DATA UNDER STUDY ::
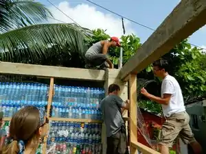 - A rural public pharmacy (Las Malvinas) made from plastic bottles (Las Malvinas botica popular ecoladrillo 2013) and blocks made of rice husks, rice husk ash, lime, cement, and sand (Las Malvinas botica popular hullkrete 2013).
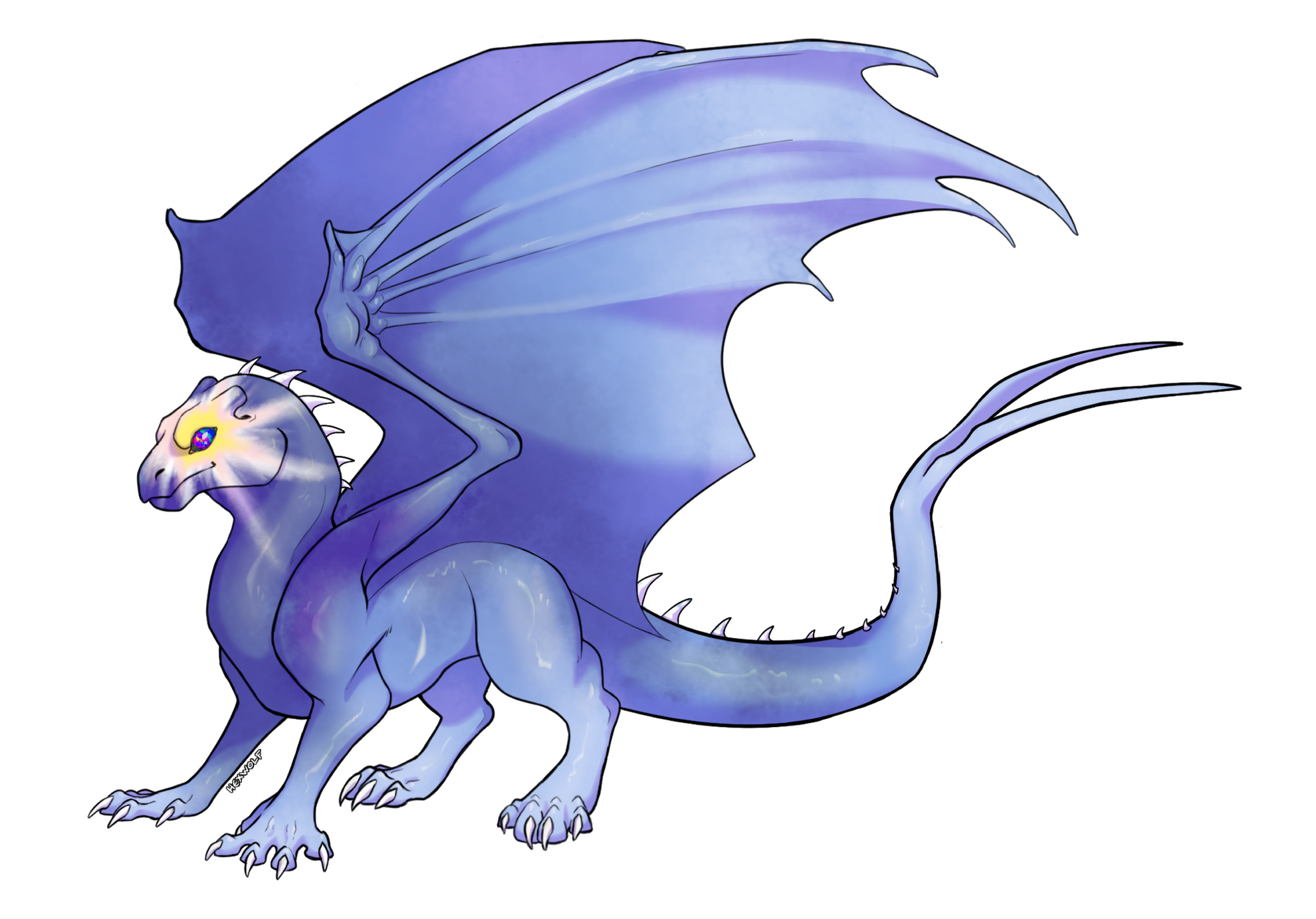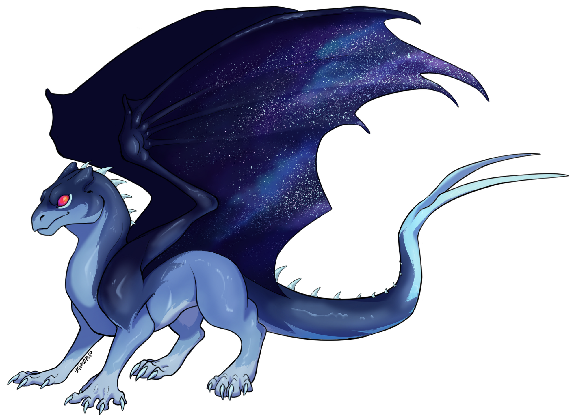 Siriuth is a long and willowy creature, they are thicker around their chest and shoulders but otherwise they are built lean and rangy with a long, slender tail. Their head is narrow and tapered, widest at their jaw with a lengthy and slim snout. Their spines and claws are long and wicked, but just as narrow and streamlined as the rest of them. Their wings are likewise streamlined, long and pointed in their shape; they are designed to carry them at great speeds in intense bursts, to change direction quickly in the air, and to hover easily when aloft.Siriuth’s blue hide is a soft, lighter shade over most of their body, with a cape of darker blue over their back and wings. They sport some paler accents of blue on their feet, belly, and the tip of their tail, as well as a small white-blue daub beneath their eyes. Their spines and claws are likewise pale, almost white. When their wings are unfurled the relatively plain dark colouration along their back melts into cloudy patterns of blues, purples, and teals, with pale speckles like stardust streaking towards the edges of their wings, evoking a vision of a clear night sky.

* * *

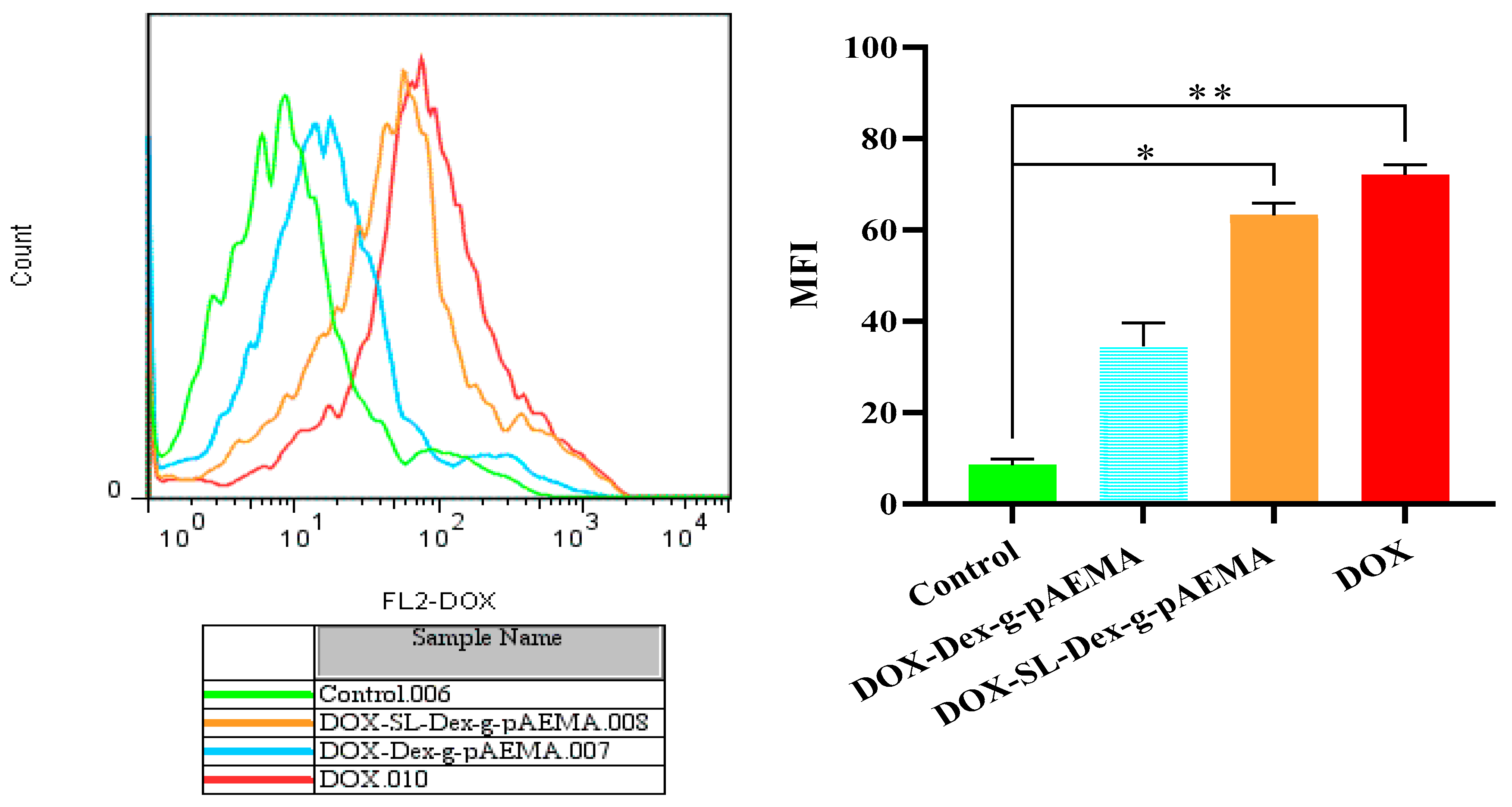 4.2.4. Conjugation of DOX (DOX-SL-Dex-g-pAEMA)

WHAT YOU HAVE TO DO ::
Transcribe, word for word, the stretch of lines in the data above from the one with "- A rural public" through the one with "Siriuth is a"; omit all pictures.

EXERCISE OUTPUT ::
 - A rural public pharmacy (Las Malvinas) made from plastic bottles (Las Malvinas botica popular ecoladrillo 2013) and blocks made of rice husks, rice husk ash, lime, cement, and sand (Las Malvinas botica popular hullkrete 2013).
 Siriuth is a long and willowy creature, they are thicker around their chest and shoulders but otherwise they are built lean and rangy with a long, slender tail. Their head is narrow and tapered, widest at their jaw with a lengthy and slim snout. Their spines and claws are long and wicked, but just as narrow and streamlined as the rest of them. Their wings are likewise streamlined, long and pointed in their shape; they are designed to carry them at great speeds in intense bursts, to change direction quickly in the air, and to hover easily when aloft.Siriuth’s blue hide is a soft, lighter shade over most of their body, with a cape of darker blue over their back and wings. They sport some paler accents of blue on their feet, belly, and the tip of their tail, as well as a small white-blue daub beneath their eyes. Their spines and claws are likewise pale, almost white. When their wings are unfurled the relatively plain dark colouration along their back melts into cloudy patterns of blues, purples, and teals, with pale speckles like stardust streaking towards the edges of their wings, evoking a vision of a clear night sky.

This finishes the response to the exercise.